Risk-Adjusted Performance

1 of 100

 
Weak
 
Strong
Weak
Compared to the overall equity markets, risk-adjusted returns on investments in Bankinter SA are ranked lower than 1 (%) of all global equities and portfolios over the last 90 days. Despite nearly stable primary indicators, Bankinter is not utilizing all of its potentials. The current stock price disturbance, may contribute to mid-run losses for the stockholders.
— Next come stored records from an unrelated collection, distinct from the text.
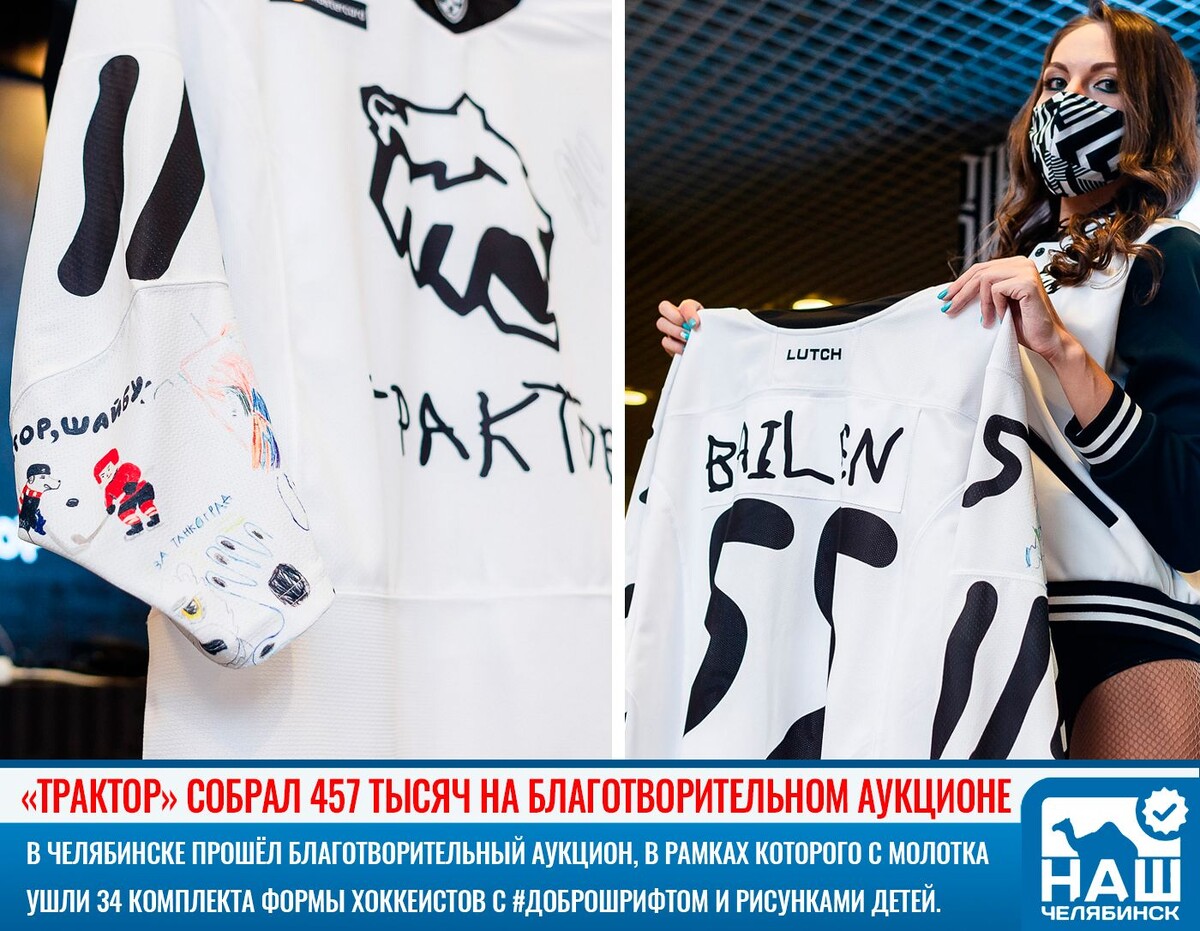 В Челябинске после матча «Трактор» – «Куньлунь Ред Стар» в фойе Ледовой арены прошёл благотворительный аукцион, в рамках которого с молотка ушли 34 комплекта формы хоккеистов с нанесёнными номерами и фамилиями #Доброшрифтом, а также рисунками детей. Именно в этой одежде спортсмены обыграли китайский коллектив.
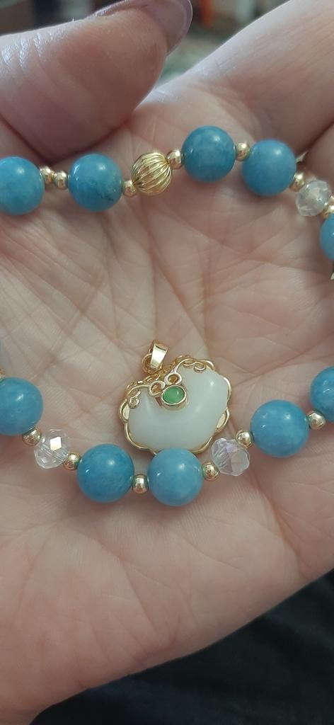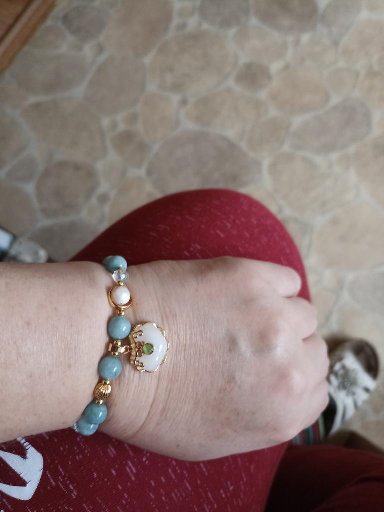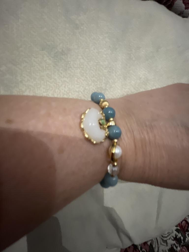 Nice bracelet, just size 19. It's on an elastic band. Pebbles are cold, natural. I've wanted aquamarine for a long time. Thank you.
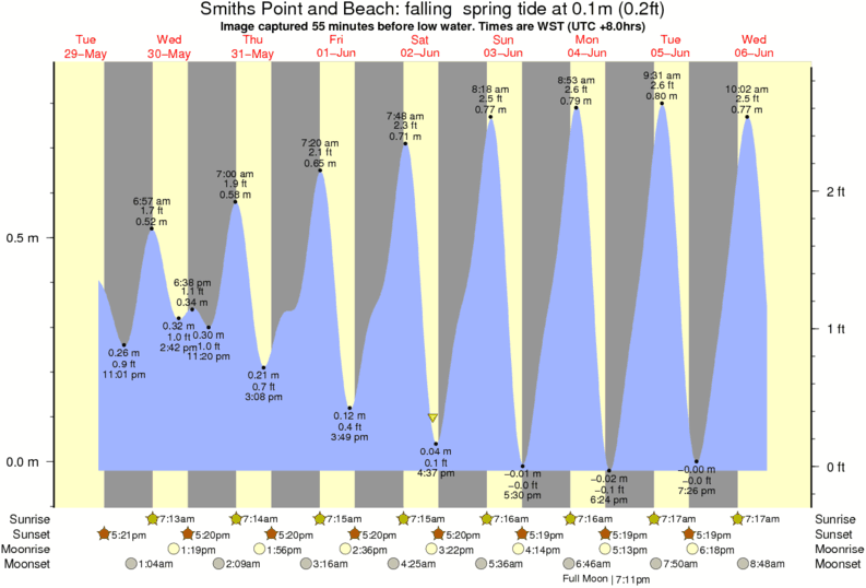 Image captured 55 minutes before low water (falling spring tide). Tide height was 0.1m (0.2 ft). Range 0.83m (2.7 ft). Toggle tide graph
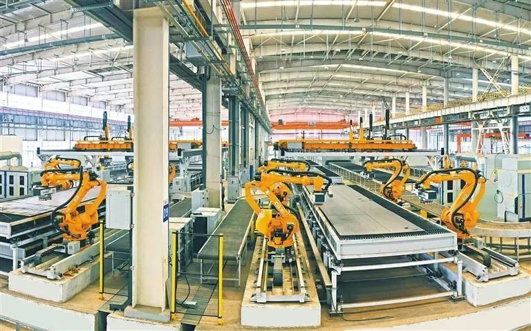 距離老廠區(qū)50公里外,山西轉(zhuǎn)型綜改示范區(qū)瀟河產(chǎn)業(yè)園區(qū)內(nèi),太重智能高端裝備產(chǎn)業(yè)園已拔地而起。在這里,太重所有裝備制造都能實(shí)現(xiàn)以工序?yàn)閱挝坏倪B續(xù)生產(chǎn)。各種機(jī)器人設(shè)備夜以繼日“上班”,智能導(dǎo)引搬運(yùn)車來回穿梭、自動(dòng)取送貨,一張鋼板經(jīng)過全流程生產(chǎn)線后,即可最大程度地切割出各類高質(zhì)量零部件,智能產(chǎn)線上“只見物,不見人”。
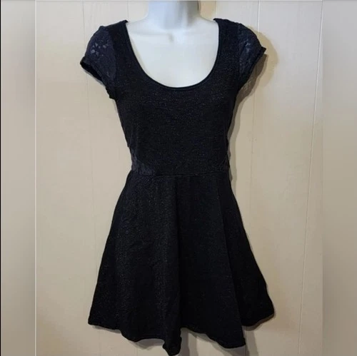 American Eagle Dress XS Mini Navy Cap Sleeve Sparkle Lace Sheer Back A377
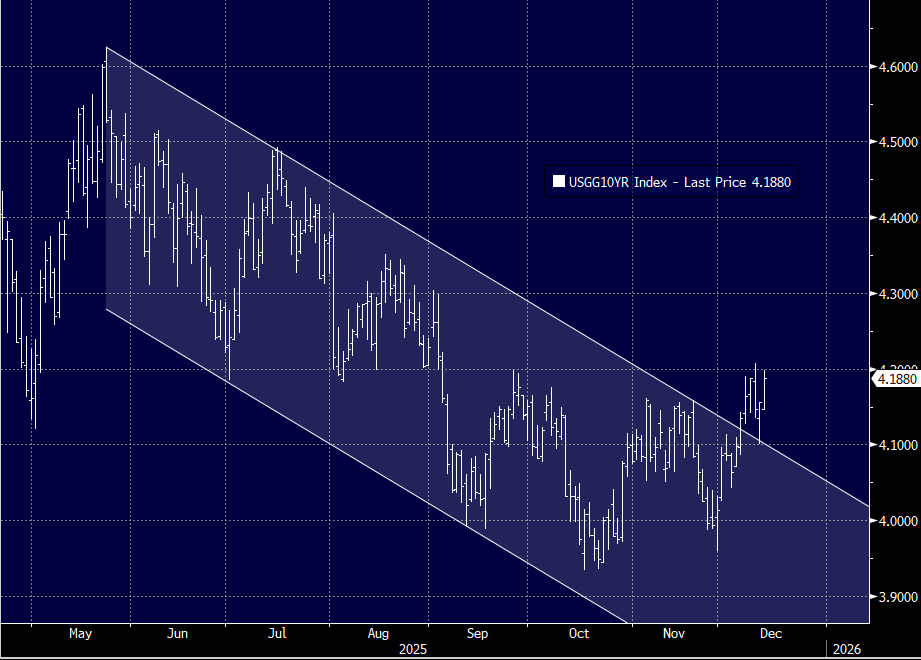 Yesterday, the 10-year yield traded down to 4.10%, testing the top end of this channel. It held, and now yields are back to 4.19%.
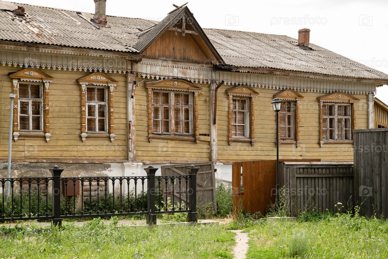 Старое выветрившееся деревянное здание с резными накладками на окнах
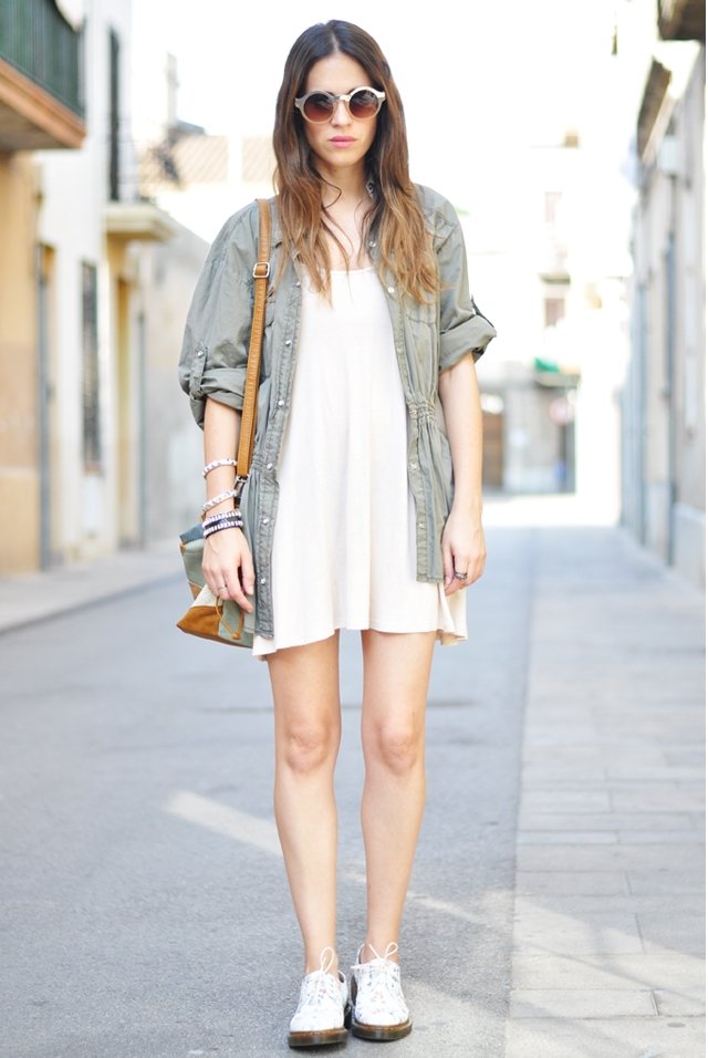 Me gusta el toque de la camisa caqui encima del vestido, como tu has dicho muy apropiada y necesaria para los momentos ‘aire acondicionado’!
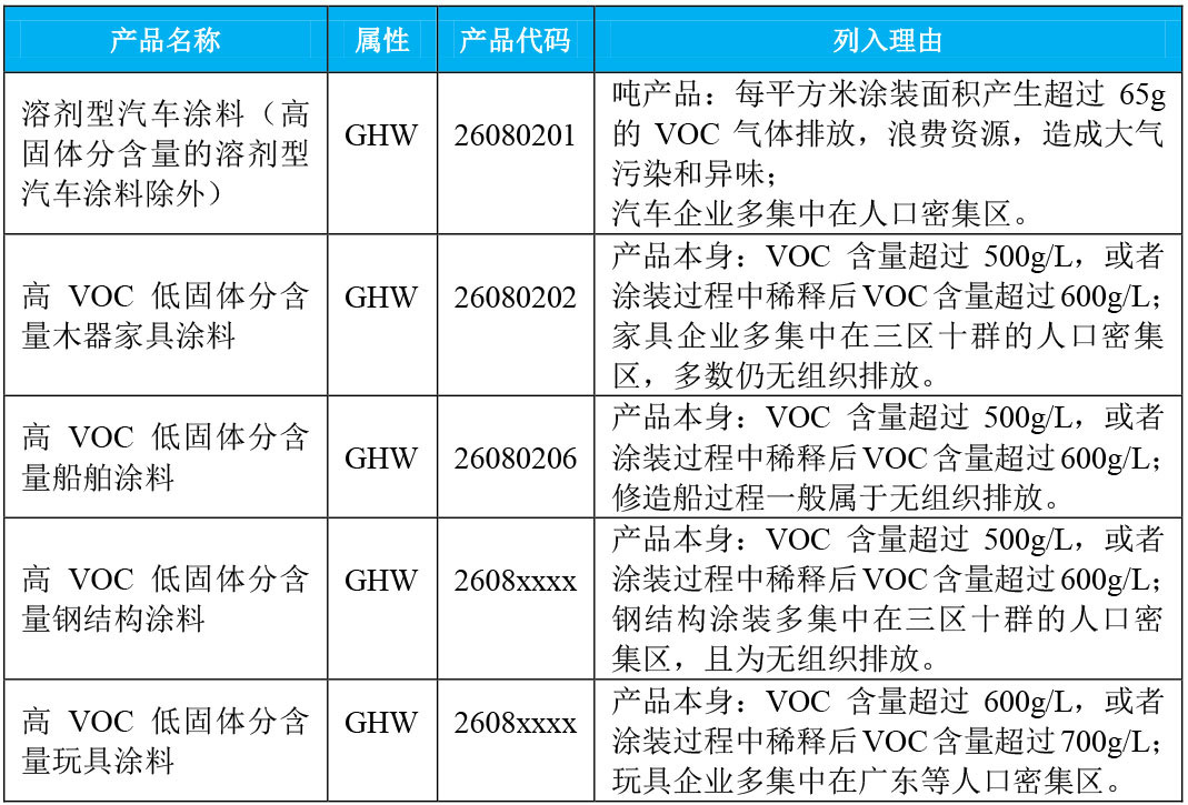 《环境保护综合名录(2017年版)(征求意见稿)》在2015年版的基础上,新增了“双高”产品52种,其中涂料行业增加产品5种,分别是:高VOCs低固含汽车修补涂料、高VOCs低固含集装箱涂料、高VOCs低固含工程机械涂料、含铅的道路标线涂料、含苯胺的环氧地坪涂料,具体信息见下表。
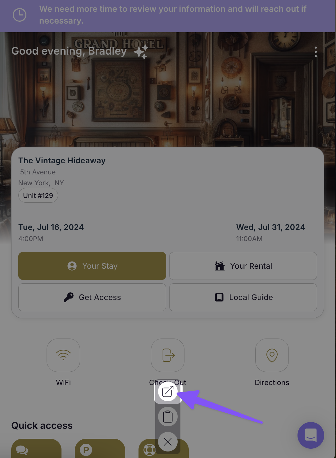 Every guest portal will be specific to a user based on their reservation information and the property they are staying at. This means there is no singular preview portal. To see your guest portal in action you’ll need to view it from a reservation. You can create a test reservation, and then open the guest portal from the reservation details.

First Hawaiian and Bankinter Volatility Contrast

   Predicted Return Density   
       Returns  

Pair Trading with First Hawaiian and Bankinter

The main advantage of trading using opposite First Hawaiian and Bankinter positions is that it hedges away some unsystematic risk. Because of two separate transactions, even if First Hawaiian position performs unexpectedly, Bankinter can make up some of the losses. Pair trading also minimizes risk from directional movements in the market. For example, if an entire industry or sector drops because of unexpected headlines, the short position in Bankinter will offset losses from the drop in Bankinter's long position.
The idea behind First Hawaiian and Bankinter SA pairs trading is to make the combined position market-neutral, meaning the overall market's direction will not affect its win or loss (or potential downside or upside). This can be achieved by designing a pairs trade with two highly correlated stocks or equities that operate in a similar space or sector, making it possible to obtain profits through simple and relatively low-risk investment.
Check out your portfolio center.
Note that this page's information should be used as a complementary analysis to find the right mix of equity instruments to add to your existing portfolios or create a brand new portfolio. You can also try the Stocks Directory module to find actively traded stocks across global markets.